GIVEN RECORDS:
%%

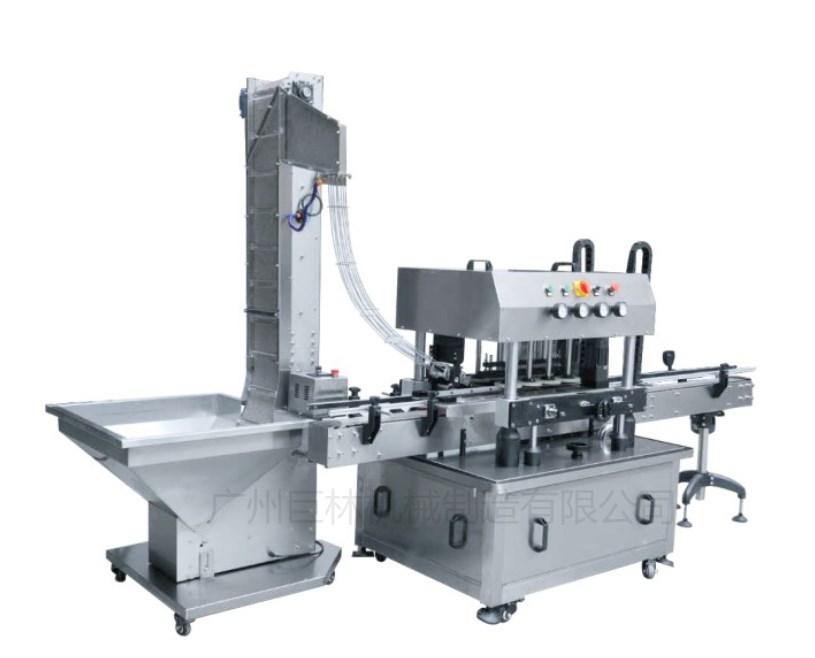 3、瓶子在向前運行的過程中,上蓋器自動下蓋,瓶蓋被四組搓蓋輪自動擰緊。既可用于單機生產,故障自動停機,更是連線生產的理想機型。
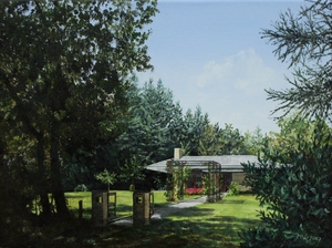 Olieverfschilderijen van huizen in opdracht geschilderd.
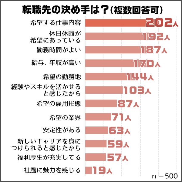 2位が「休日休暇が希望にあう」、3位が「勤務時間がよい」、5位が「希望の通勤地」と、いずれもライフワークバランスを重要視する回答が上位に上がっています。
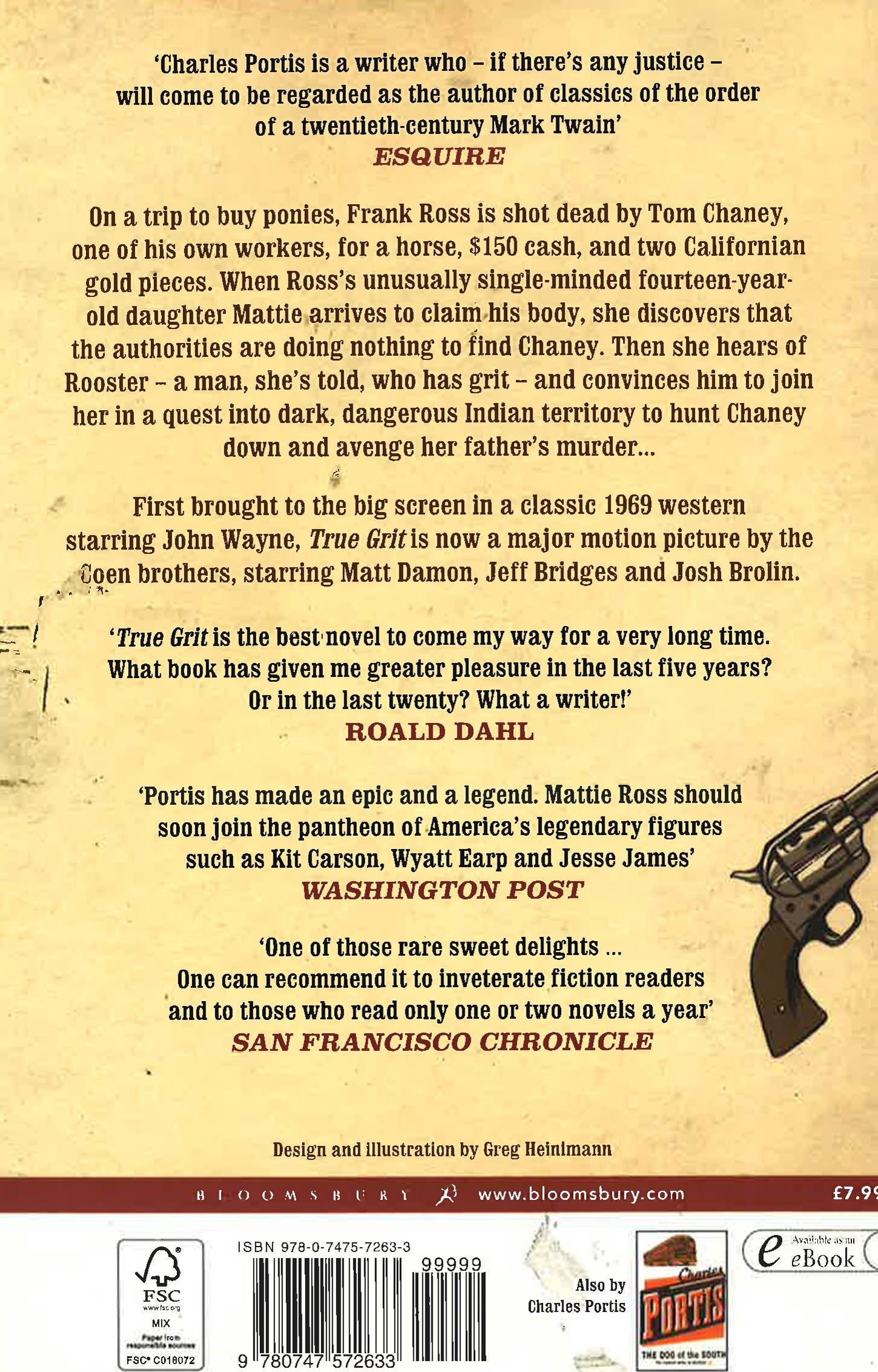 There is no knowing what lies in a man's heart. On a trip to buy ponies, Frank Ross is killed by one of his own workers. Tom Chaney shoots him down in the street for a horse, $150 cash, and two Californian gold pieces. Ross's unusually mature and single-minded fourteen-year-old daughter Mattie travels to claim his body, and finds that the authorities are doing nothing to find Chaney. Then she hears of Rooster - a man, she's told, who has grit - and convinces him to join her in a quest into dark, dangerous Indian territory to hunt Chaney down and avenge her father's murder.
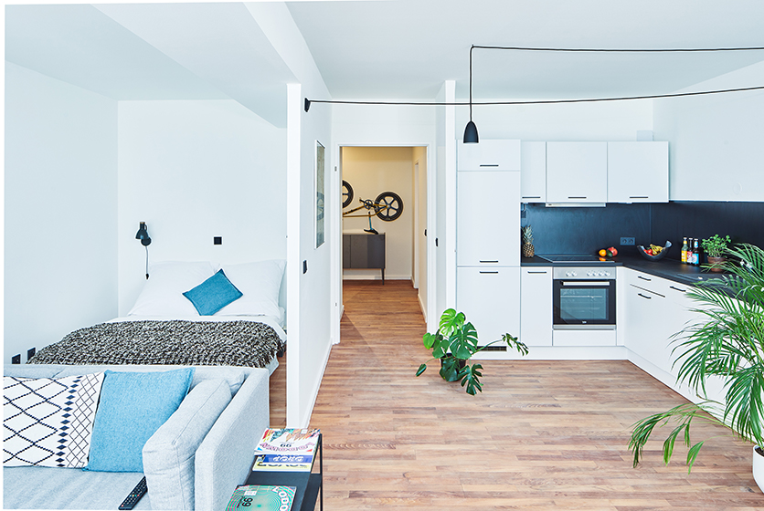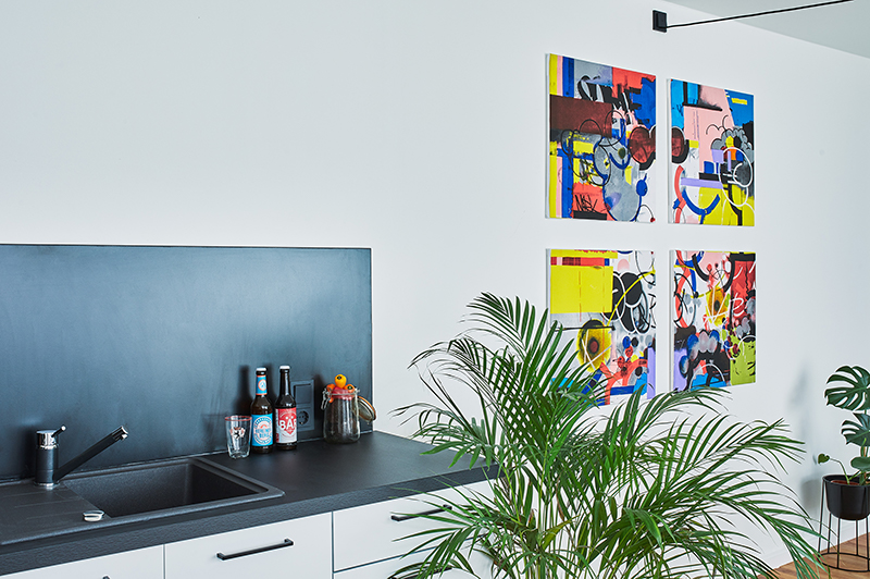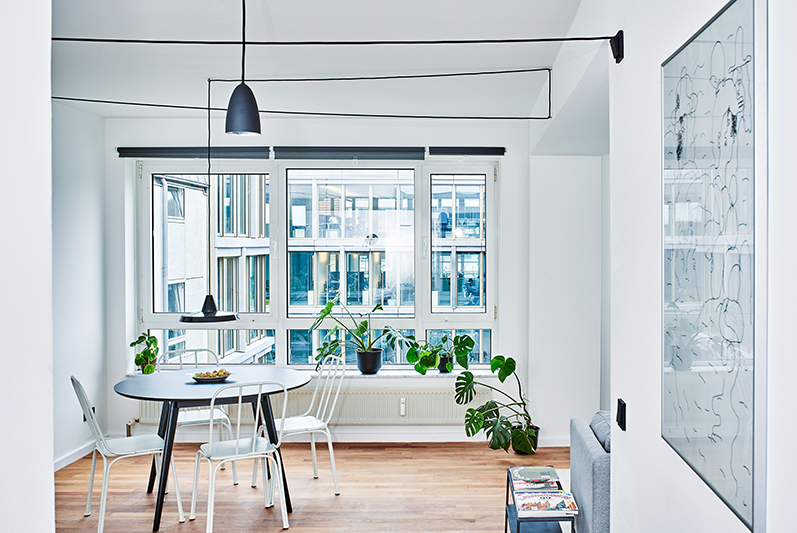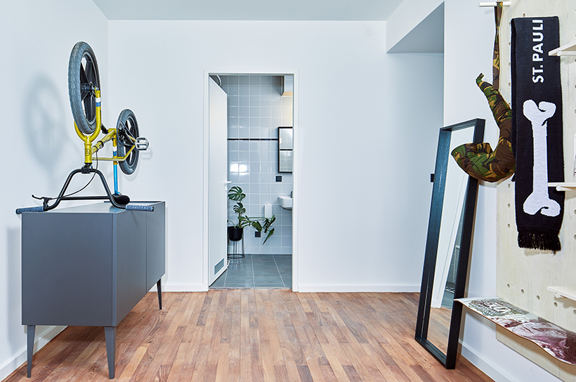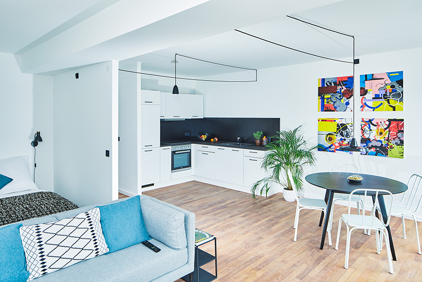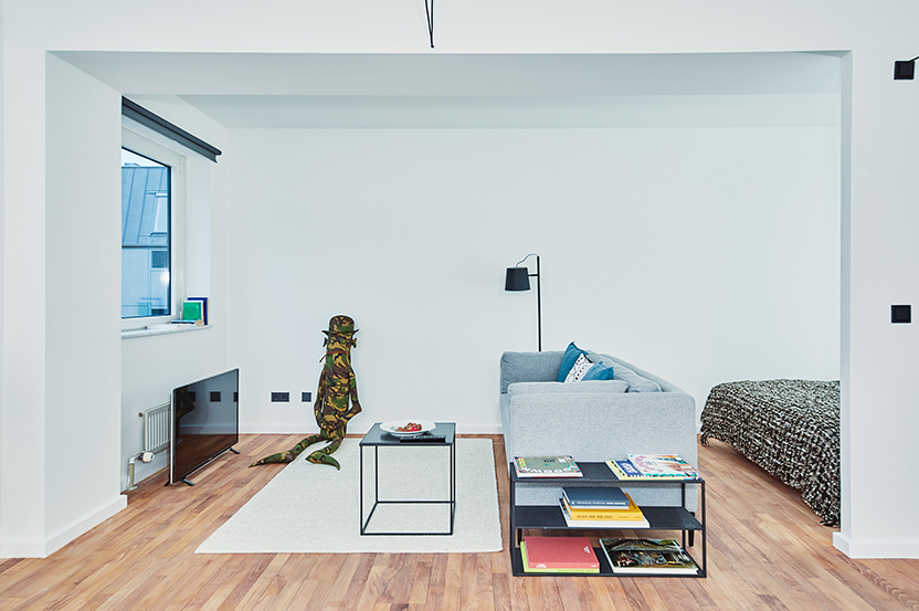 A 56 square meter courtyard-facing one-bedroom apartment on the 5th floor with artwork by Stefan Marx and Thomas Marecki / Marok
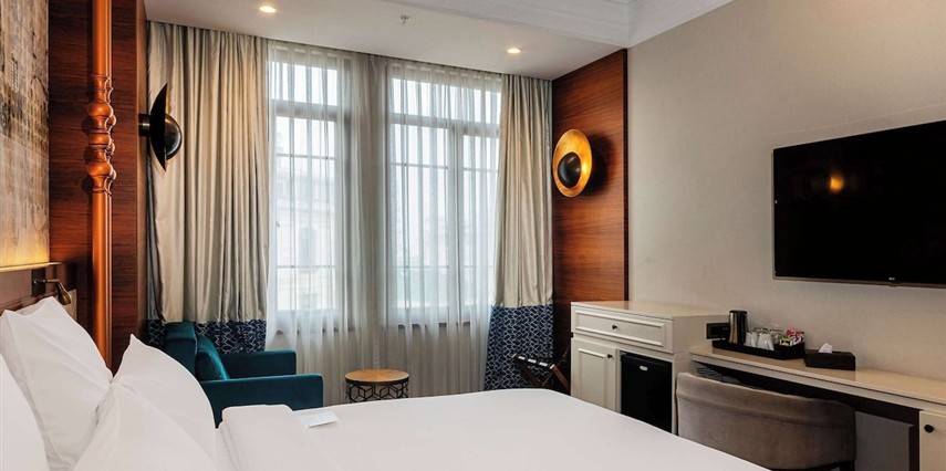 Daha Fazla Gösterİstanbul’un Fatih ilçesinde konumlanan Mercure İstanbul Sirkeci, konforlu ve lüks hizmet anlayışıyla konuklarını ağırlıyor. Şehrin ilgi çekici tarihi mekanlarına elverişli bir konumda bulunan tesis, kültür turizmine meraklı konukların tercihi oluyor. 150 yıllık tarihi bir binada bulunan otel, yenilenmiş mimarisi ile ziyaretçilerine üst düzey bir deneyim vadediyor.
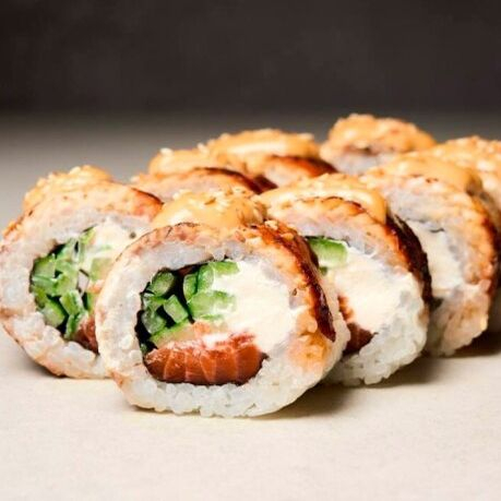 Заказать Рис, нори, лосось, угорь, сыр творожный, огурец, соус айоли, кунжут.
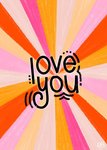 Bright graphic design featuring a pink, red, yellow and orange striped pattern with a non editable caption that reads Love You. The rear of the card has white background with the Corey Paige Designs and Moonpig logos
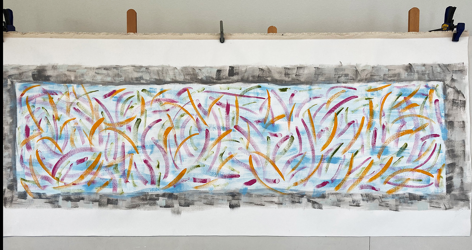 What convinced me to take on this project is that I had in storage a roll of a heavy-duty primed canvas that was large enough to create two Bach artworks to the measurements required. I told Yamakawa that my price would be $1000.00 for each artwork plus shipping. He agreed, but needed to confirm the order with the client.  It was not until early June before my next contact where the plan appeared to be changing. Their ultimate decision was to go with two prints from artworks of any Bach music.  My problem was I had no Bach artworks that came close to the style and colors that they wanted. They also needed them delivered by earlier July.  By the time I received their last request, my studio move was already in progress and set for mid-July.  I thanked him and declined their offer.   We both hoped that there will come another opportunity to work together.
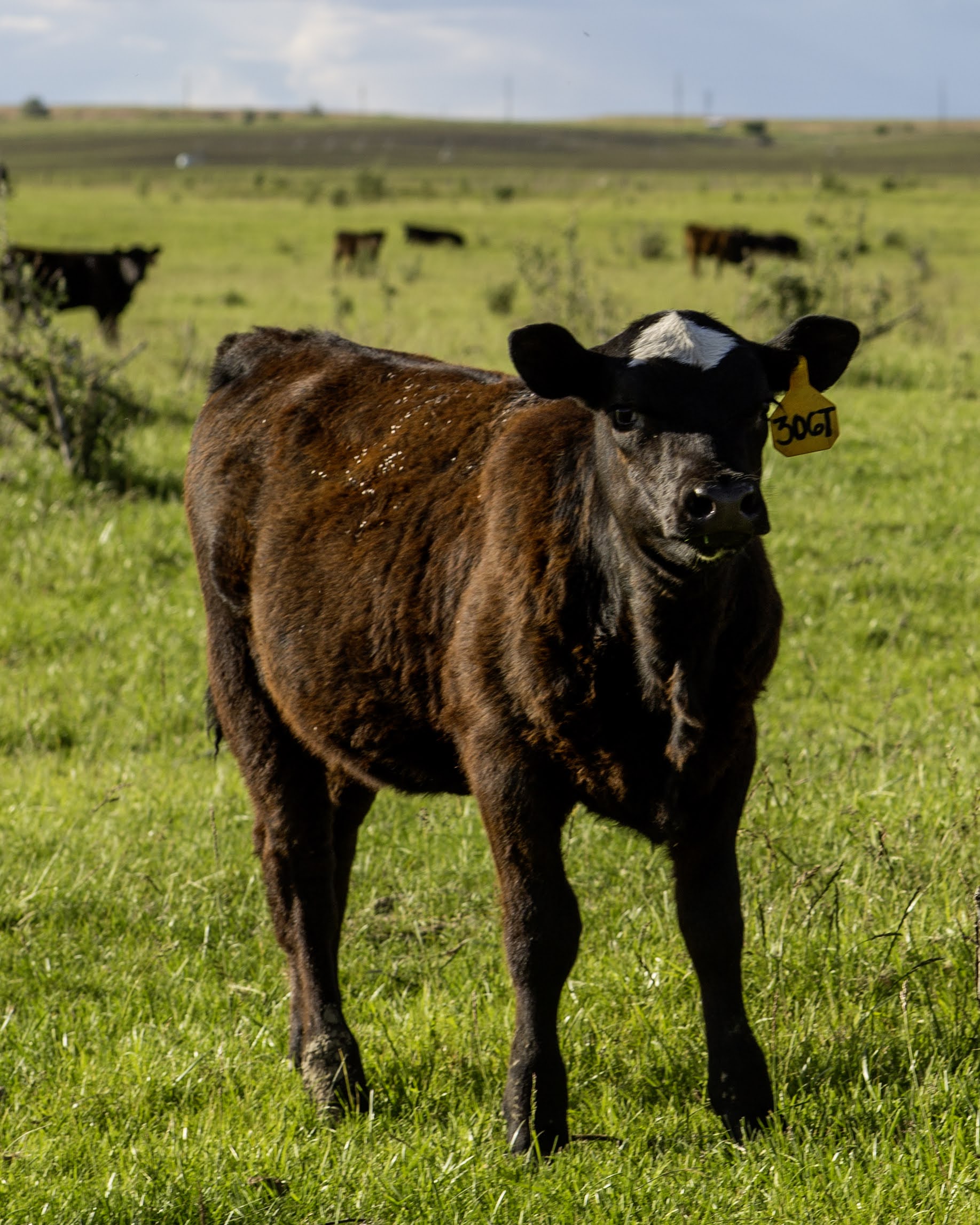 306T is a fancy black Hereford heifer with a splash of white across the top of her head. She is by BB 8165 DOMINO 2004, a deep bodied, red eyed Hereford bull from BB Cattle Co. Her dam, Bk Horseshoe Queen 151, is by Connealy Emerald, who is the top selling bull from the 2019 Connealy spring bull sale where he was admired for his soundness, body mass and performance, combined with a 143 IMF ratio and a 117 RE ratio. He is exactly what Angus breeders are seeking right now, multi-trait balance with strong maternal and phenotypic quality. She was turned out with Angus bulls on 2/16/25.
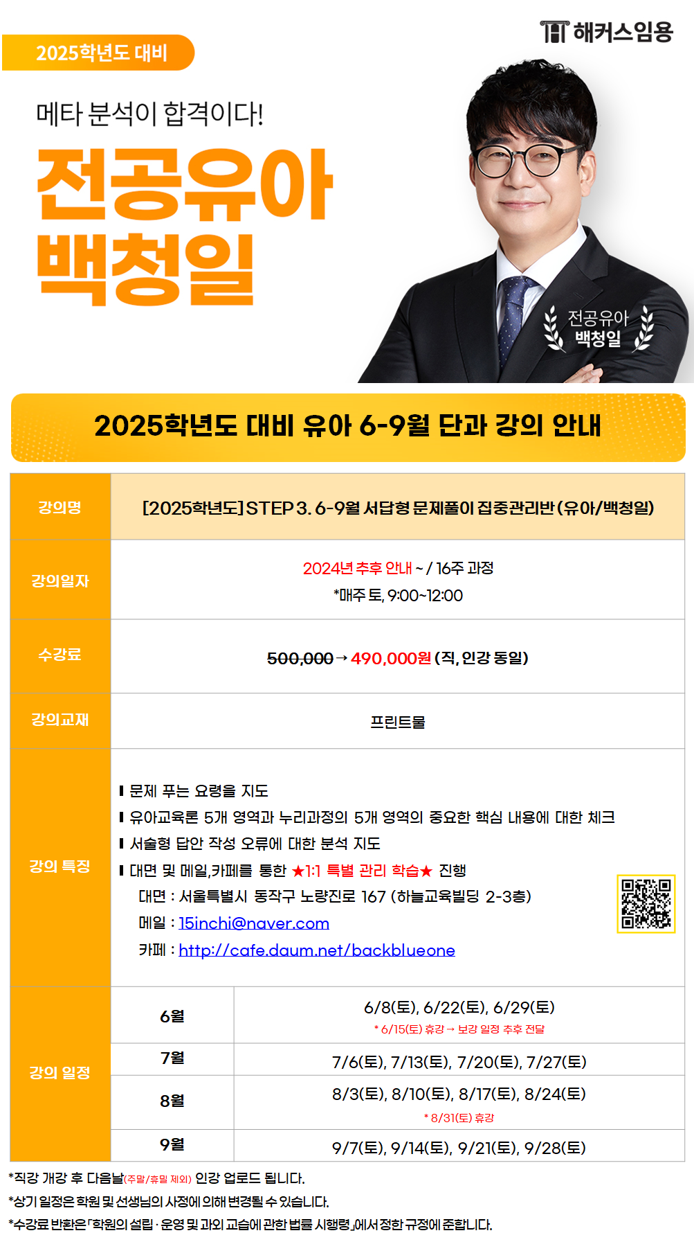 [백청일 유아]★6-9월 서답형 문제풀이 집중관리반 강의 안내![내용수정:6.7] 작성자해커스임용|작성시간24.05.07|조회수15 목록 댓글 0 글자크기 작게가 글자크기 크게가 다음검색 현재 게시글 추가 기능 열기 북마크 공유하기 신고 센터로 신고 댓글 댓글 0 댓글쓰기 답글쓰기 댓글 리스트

%%

PROBLEM TO WORK ON:
Among the entries above, take the lines from the one with "Bright graphic design" through the one with "What convinced me" and retype them exactly, leaving out the pictures.

TASK OUTPUT:
 Bright graphic design featuring a pink, red, yellow and orange striped pattern with a non editable caption that reads Love You. The rear of the card has white background with the Corey Paige Designs and Moonpig logos
 What convinced me to take on this project is that I had in storage a roll of a heavy-duty primed canvas that was large enough to create two Bach artworks to the measurements required. I told Yamakawa that my price would be $1000.00 for each artwork plus shipping. He agreed, but needed to confirm the order with the client.  It was not until early June before my next contact where the plan appeared to be changing. Their ultimate decision was to go with two prints from artworks of any Bach music.  My problem was I had no Bach artworks that came close to the style and colors that they wanted. They also needed them delivered by earlier July.  By the time I received their last request, my studio move was already in progress and set for mid-July.  I thanked him and declined their offer.   We both hoped that there will come another opportunity to work together.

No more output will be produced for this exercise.